[Collected data]

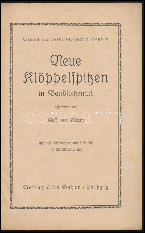 Gussi von Reden: Neue Klöppel-Spitzen in Bandspitzenart. Beyers Handar... https://www.darabanth.com/en/469-Online-auction/469.0/Books/Books-Architecture-Art~1000022/Gussi-von-Reden-Neue-Kloppel-Spitzen-in-Bandspitzenart-Beyers-Handarbeitsbucher-Band-10-Leipzig~II3097355
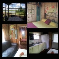 The Cottages sit atop a 60 foot tall hill overlooking the country side, the vineyard and the lake. Flanked by woods and pasture, the view is breathtaking. The cottages are each unique in size and style. Three of them have open porches and low rise ramp entrances. The larger ones have full kitchens and all have a 3/4 bath. All of the cottages have televisions in the bedroom and living room. The living room T.V.s have a DVD player.
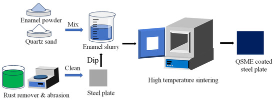 Carbon steel plates with dimensions of 40 mm × 40 mm × 1.8 mm were used in this study. Table 1 shows the chemical composition of the steel plate. The carbon steel plate is coated with quartz sand-modified enamel coating. All steel plates were cleaned with rust remover, abraded with SiC papers (#180–#1000 grits), and then washed with alcohol and deionized water before coating.
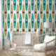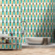 Kayakers en kanovaarders zullen dol zijn op deze schil en plak behang met kleurrijke kajak kano's
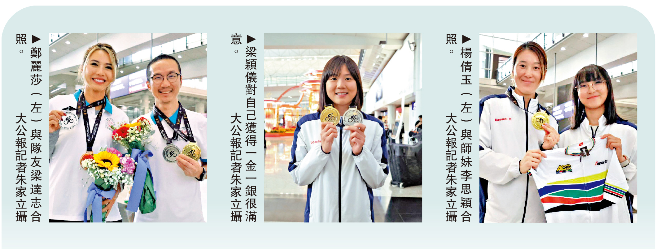 (大公報 記者 朱家立)中國香港單車隊上周六在沙特阿拉伯舉行的2026亞洲公路單車錦標賽中,首次奪得男女子混合隊際計時賽金牌,以及由梁穎儀在女子精英組計時賽取得銀牌,兩枚獎牌皆為港隊史上最佳成績,至於聶偉文率領的元老隊亦在賽事中奪得5金9銀4銅,亦是歷屆之最。大軍10日凱旋,分享奪金喜悅。李思穎坦言自己在個人賽發揮未如理想,但團體賽奪金為港隊備戰亞運注入不少信心。梁穎儀則直言個人賽奪銀給予自己不少信心,希望在名古屋亞運會站上領獎台。
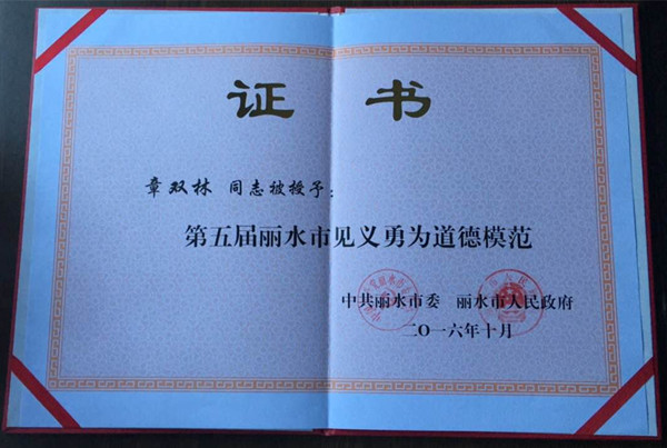 12月9日,蓮都區(qū)委區(qū)政府在蓮都劇場召開表彰會,表彰蓮都區(qū)第五屆道德模范獲獎?wù)?。麗汽集團長運公司駕駛員章雙林同志獲見義勇為道德模范受到表彰。 在10月31日,章雙林還獲得麗水市第五屆見義勇為道德模范,受到市委市政府表彰。
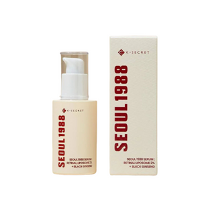 The KSECRET SEOUL 1988 Serum: Retinal Liposome 2% + Black Ginseng is a powerful anti-aging treatment serum that combines stabilized retinal with antioxidant-rich black ginseng to reduce wrinkles, fade dark spots, and restore radiance. Designed for those targeting advanced signs of aging, uneven tone, and dullness, it rejuvenates the skin while promoting firmness and smooth texture.
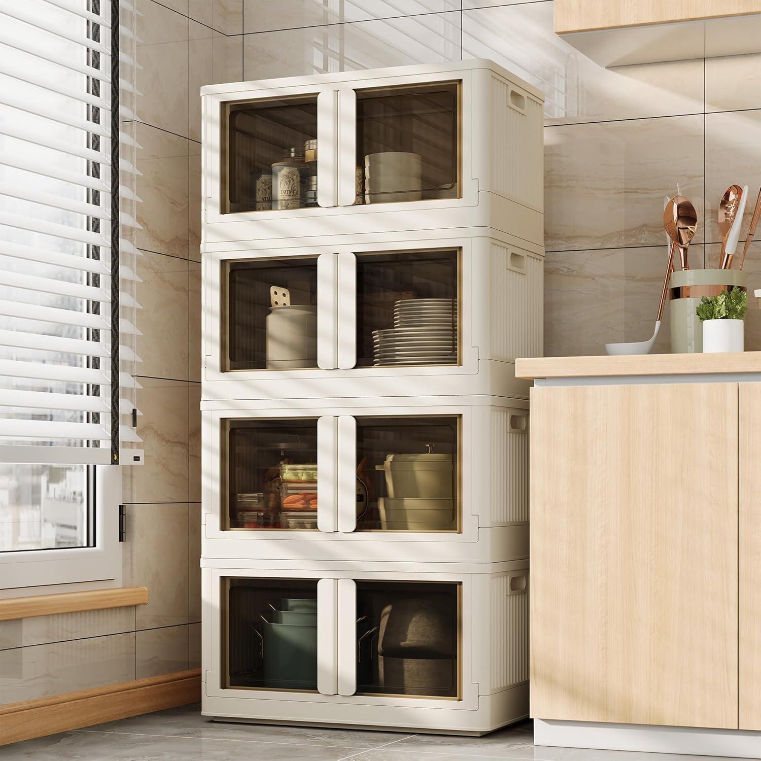 Large Storage Capacity: This folding storage box is made of high-quality polypropylene, which is strong, odorless, and durable.It can store up to 304 QT in total and hold up to 70 lbs each box.
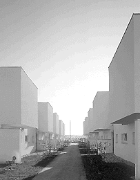 Aber nein, Geschoßwohnungsbau türmt sich hier auf, hier wird „städtische Straße“ gespielt, die doch nur Abstellfläche für Autos zwischen hermetischen Wohnhäusern ist. Und diese falsche Rhetorik, die manche der Wohnhäuser an den Tag legen! Sie trumpfen mit einer Wuchtigkeit auf, die hier, am äußersten Rand der Stadt, wahrhaftig nichts verloren hat - unangemessen, maßstabsprengend. Die Frage ist wirklich angebracht, warum jemand so weit hinausziehen soll, wenn er dann eine solche Umgebung vorfindet, wenn er dann so systematisch um die Vorteile dieser Grünlage gebracht wird.
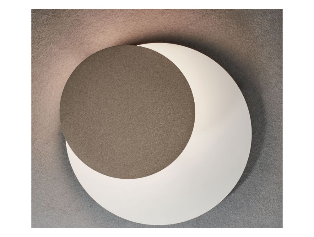 This ceiling light features a sculptural and dramatic design that plays on overlapping elliptical shapes and the use of warm metallic finishes. The combination of direct light from the spotlights and light reflected on the surface of the inclined disk provides effective yet comfortable lighting. Shipping is free and the warranty is 2 years.
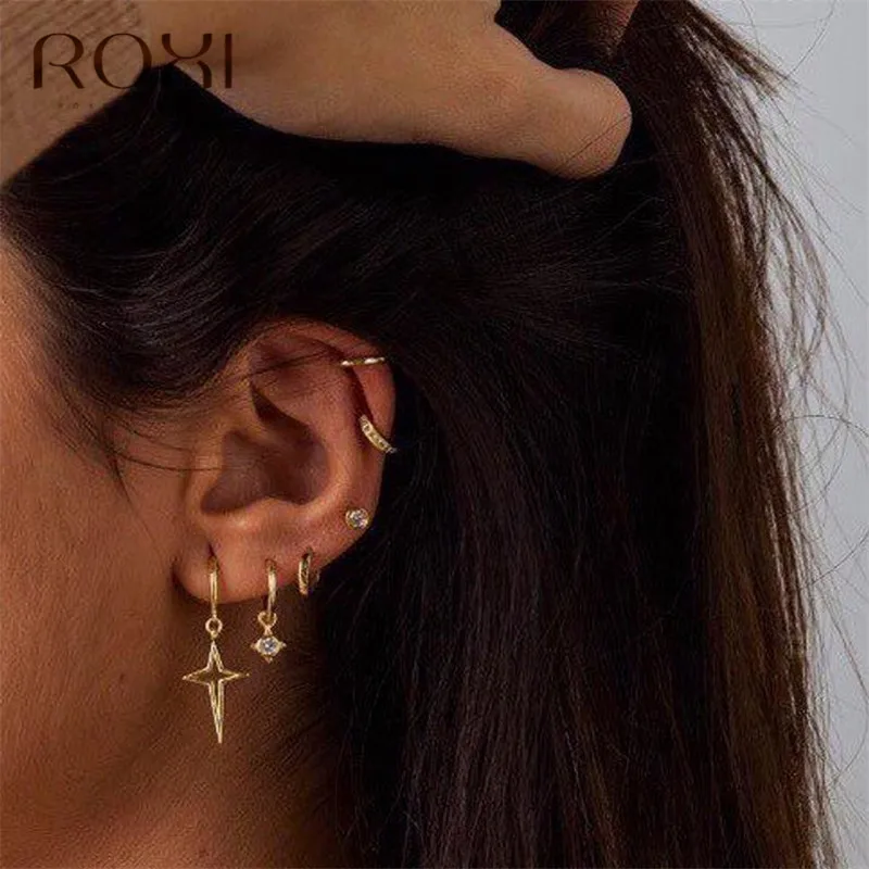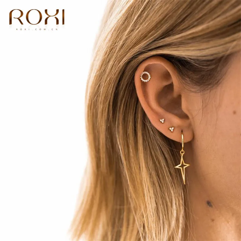 ROXI минималистичные круглые серьги, геометрическая подвеска в виде полого креста, висячие серьги для женщин, серьги из стерлингового серебра 925 пробы
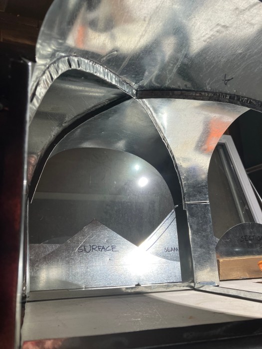 Let’s reiterate what this jumbled drawing proves…. In order to lay out the curve for a groin vault, you only needed to know the surface development of its inverse, the dome vault in square, and produce that net in the scribing floor. All cuts derived from tangents of that net line. This has been unfolded but I could have done it all within the original crossing section. There is no radius “off the sheet” required to produce the curve.
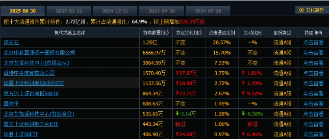 截至8月26日收盘,寒武纪总市值达5560亿元,根据十大流通股东信息显示,陈天石直接持有寒武纪28.57%股份,对应市值约1588.56亿元。
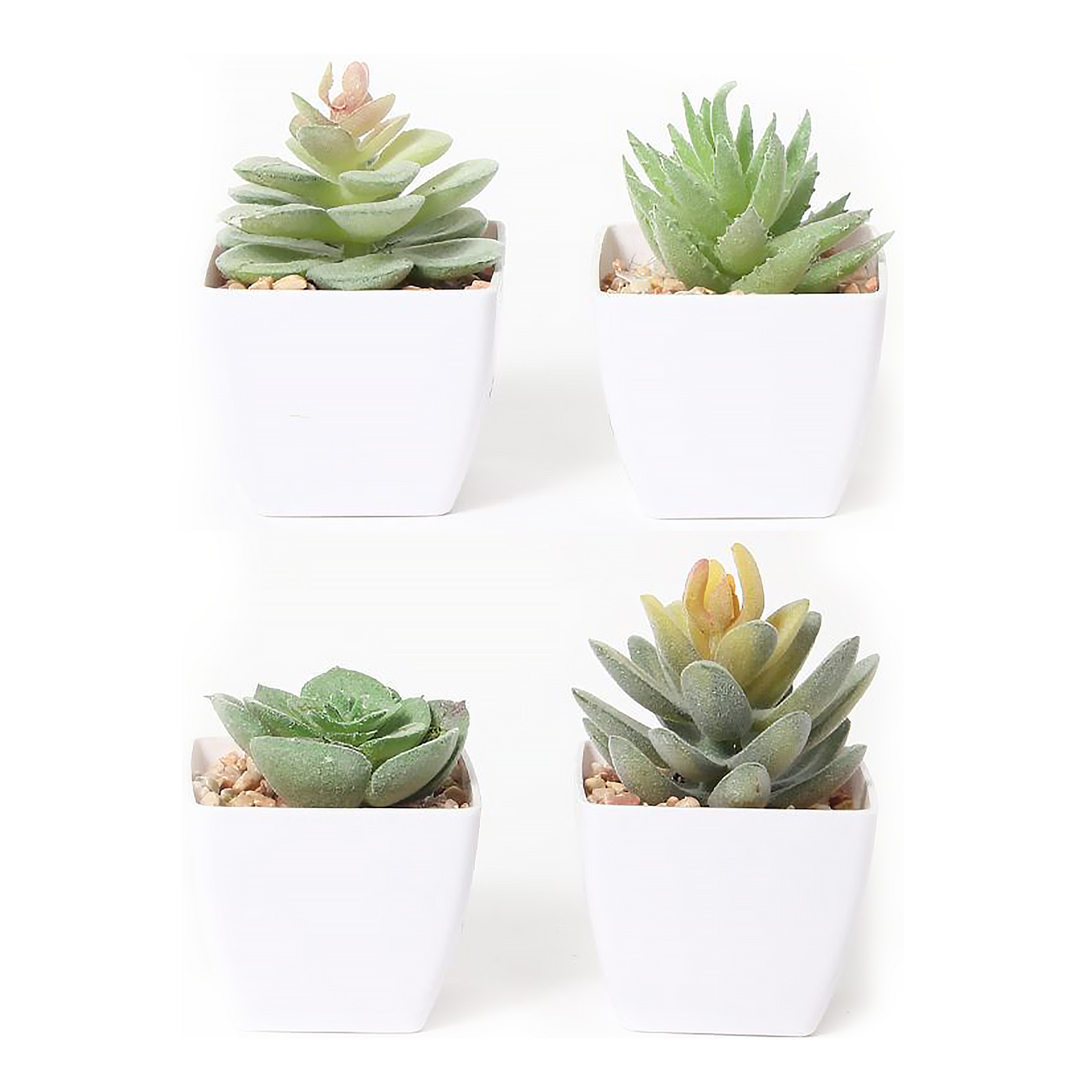 4 paquetes de plantas verdes artificiales de plástico de 5,5 x 5,5 x 6,5 cm, simulación de macetas, adornos creativos, decoración.DH155342
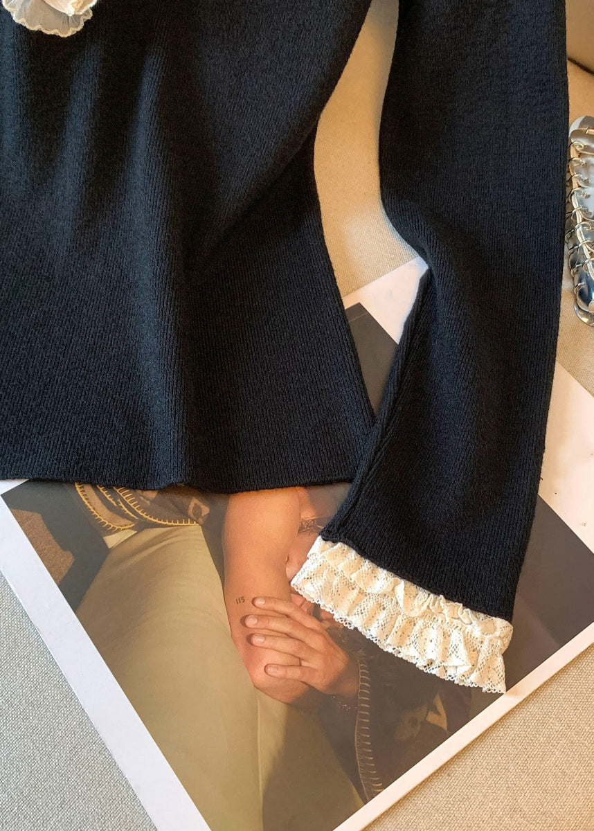 Black Ruffled Patchwork Knitting Cotton Fall T Shirts V Neck

### [WHAT THE TASK ASKS]
Could you repeat all of the entries exactly, without the pictures?

### [ANSWER BOX]
 Gussi von Reden: Neue Klöppel-Spitzen in Bandspitzenart. Beyers Handar... https://www.darabanth.com/en/469-Online-auction/469.0/Books/Books-Architecture-Art~1000022/Gussi-von-Reden-Neue-Kloppel-Spitzen-in-Bandspitzenart-Beyers-Handarbeitsbucher-Band-10-Leipzig~II3097355
 The Cottages sit atop a 60 foot tall hill overlooking the country side, the vineyard and the lake. Flanked by woods and pasture, the view is breathtaking. The cottages are each unique in size and style. Three of them have open porches and low rise ramp entrances. The larger ones have full kitchens and all have a 3/4 bath. All of the cottages have televisions in the bedroom and living room. The living room T.V.s have a DVD player.
 Carbon steel plates with dimensions of 40 mm × 40 mm × 1.8 mm were used in this study. Table 1 shows the chemical composition of the steel plate. The carbon steel plate is coated with quartz sand-modified enamel coating. All steel plates were cleaned with rust remover, abraded with SiC papers (#180–#1000 grits), and then washed with alcohol and deionized water before coating.
 Kayakers en kanovaarders zullen dol zijn op deze schil en plak behang met kleurrijke kajak kano's
 (大公報 記者 朱家立)中國香港單車隊上周六在沙特阿拉伯舉行的2026亞洲公路單車錦標賽中,首次奪得男女子混合隊際計時賽金牌,以及由梁穎儀在女子精英組計時賽取得銀牌,兩枚獎牌皆為港隊史上最佳成績,至於聶偉文率領的元老隊亦在賽事中奪得5金9銀4銅,亦是歷屆之最。大軍10日凱旋,分享奪金喜悅。李思穎坦言自己在個人賽發揮未如理想,但團體賽奪金為港隊備戰亞運注入不少信心。梁穎儀則直言個人賽奪銀給予自己不少信心,希望在名古屋亞運會站上領獎台。
 12月9日,蓮都區(qū)委區(qū)政府在蓮都劇場召開表彰會,表彰蓮都區(qū)第五屆道德模范獲獎?wù)?。麗汽集團長運公司駕駛員章雙林同志獲見義勇為道德模范受到表彰。 在10月31日,章雙林還獲得麗水市第五屆見義勇為道德模范,受到市委市政府表彰。
 The KSECRET SEOUL 1988 Serum: Retinal Liposome 2% + Black Ginseng is a powerful anti-aging treatment serum that combines stabilized retinal with antioxidant-rich black ginseng to reduce wrinkles, fade dark spots, and restore radiance. Designed for those targeting advanced signs of aging, uneven tone, and dullness, it rejuvenates the skin while promoting firmness and smooth texture.
 Large Storage Capacity: This folding storage box is made of high-quality polypropylene, which is strong, odorless, and durable.It can store up to 304 QT in total and hold up to 70 lbs each box.
 Aber nein, Geschoßwohnungsbau türmt sich hier auf, hier wird „städtische Straße“ gespielt, die doch nur Abstellfläche für Autos zwischen hermetischen Wohnhäusern ist. Und diese falsche Rhetorik, die manche der Wohnhäuser an den Tag legen! Sie trumpfen mit einer Wuchtigkeit auf, die hier, am äußersten Rand der Stadt, wahrhaftig nichts verloren hat - unangemessen, maßstabsprengend. Die Frage ist wirklich angebracht, warum jemand so weit hinausziehen soll, wenn er dann eine solche Umgebung vorfindet, wenn er dann so systematisch um die Vorteile dieser Grünlage gebracht wird.
 This ceiling light features a sculptural and dramatic design that plays on overlapping elliptical shapes and the use of warm metallic finishes. The combination of direct light from the spotlights and light reflected on the surface of the inclined disk provides effective yet comfortable lighting. Shipping is free and the warranty is 2 years.
 ROXI минималистичные круглые серьги, геометрическая подвеска в виде полого креста, висячие серьги для женщин, серьги из стерлингового серебра 925 пробы
 Let’s reiterate what this jumbled drawing proves…. In order to lay out the curve for a groin vault, you only needed to know the surface development of its inverse, the dome vault in square, and produce that net in the scribing floor. All cuts derived from tangents of that net line. This has been unfolded but I could have done it all within the original crossing section. There is no radius “off the sheet” required to produce the curve.
 截至8月26日收盘,寒武纪总市值达5560亿元,根据十大流通股东信息显示,陈天石直接持有寒武纪28.57%股份,对应市值约1588.56亿元。
 4 paquetes de plantas verdes artificiales de plástico de 5,5 x 5,5 x 6,5 cm, simulación de macetas, adornos creativos, decoración.DH155342
 Black Ruffled Patchwork Knitting Cotton Fall T Shirts V Neck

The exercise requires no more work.